Review: On Hours by Mark Rahe

On Hours Front Cover

Reviewed by Kenji Liu

On Hours by Mark Rahe is like the poetry memoir of a religious hermit, but one who doesn’t mind living a little closer to town than usual.

There’s a focused, contemplative quality to the narrator’s general orientation to the world, observing what’s directly in front of his face and never straying too far from that starting point. Each poem is complete in its capture of a particular moment, often ending with a quirky tangent that lands the narrative in a surprising place.

Many of the poems feature gentle yet remarkable shifts in relationship between observer and observed—a turn where an object is lightly animated, personifying a desire. For example, “The Cloud of Promise” seems to describe a plateaued period in the narrator’s life, for example by using a negation (“The door is closed. There is / no door”).

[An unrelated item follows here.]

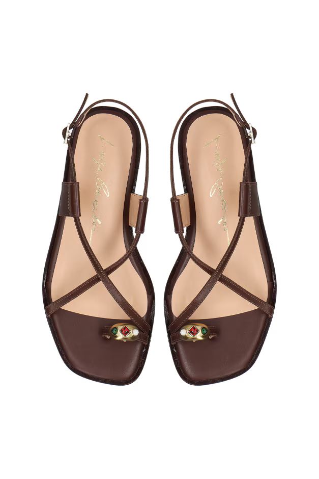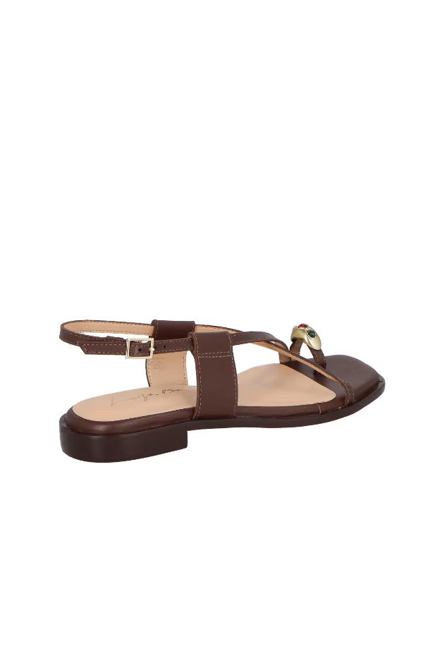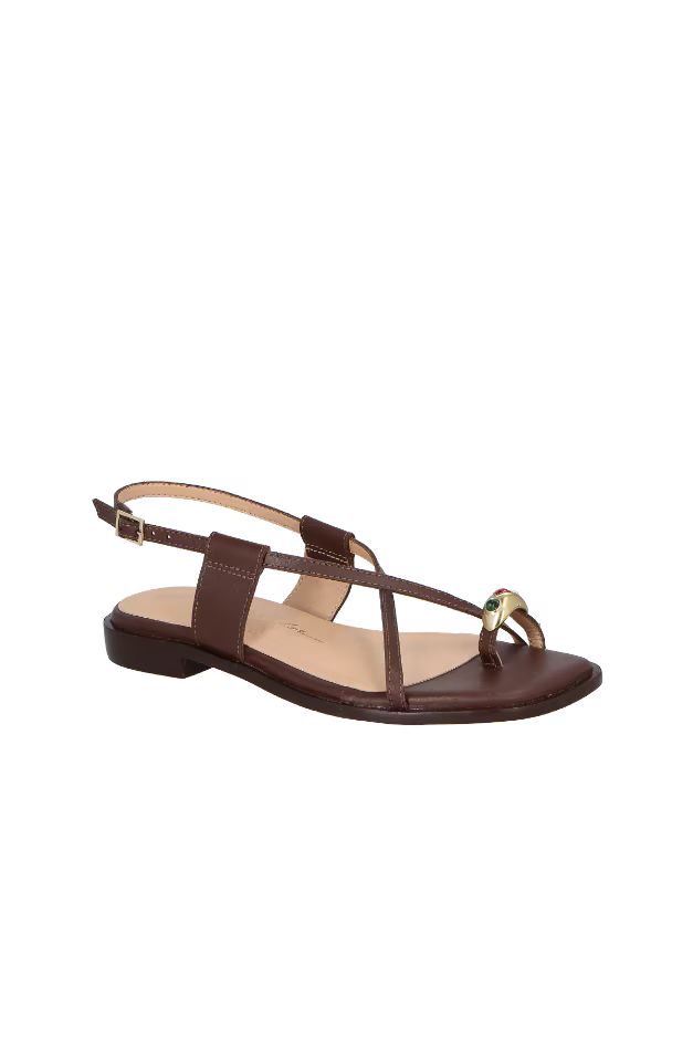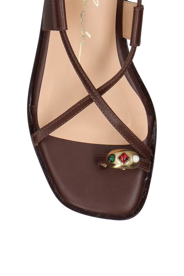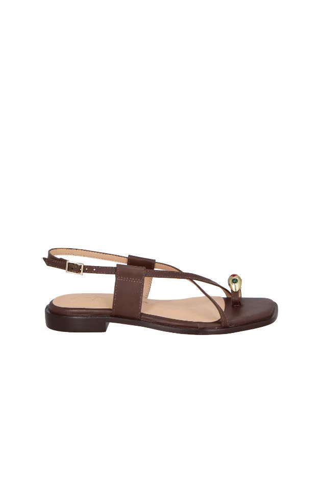 Com desenho orgânico que remete à joalheria, o anel metálico cravejado com gemas em tons preciosos ganha protagonismo. A sandália se revela como uma verdadeira joia de verão. O modelo é produzido em couro no tom marrom café, possui vira saliente que se estende por todo contorno da sandália, enfeite metálicos e fechamento por fivela com ajuste no tornozelo.

But then the poem turns in the final line, declaring “This cloud is promising[,]” introducing an inanimate object that offers a way out of the preceding tension.

Like “The Cloud of Promise,” the poem “Down” interjects an unexpected quality that retroactively evokes new meaning. “Down” takes us down a tub drain with a visual and descriptive swoop, carrying the reader through a compost-pastoral to deposit us into “While my fan oscillates. // While my sweaty chest is bare of you.” — suddenly casting the previous stanzas in an erotic light.

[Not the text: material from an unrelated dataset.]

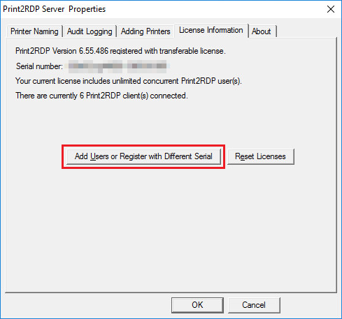 2., Once our sales department has confirmed and provided your transferable license, go to Print2RDP Server > License Information > Register with different serial button and enter the new transferable serial number.

For me, the highlight in this collection is “Man at Baseball Game, Alone.” It’s a great study in how the environment in a story is its own character, with peanut shells, wax paper, popcorn, setting the stage of what for many people is a day of relaxation. Then, with a single observation, the poem shifts:

The cuffs

of the father
are the return of a hand to your face.
The ballpark is the place

where he never bruised you.

After this painful turn, the preceding pleasantness of baseball game sounds are reframed as if a mute button has been released—suddenly “Everyone yells, everyone spills / trash.” The final sentence, “You came here to find / something gentle” becomes a plea.

The attention On Hours brings to the minutiae of life is basically gentle and non-judgmental, and many of the poems in the first two sections are almost a Bashō-like travelogue, though not because a lot of physical movement happens.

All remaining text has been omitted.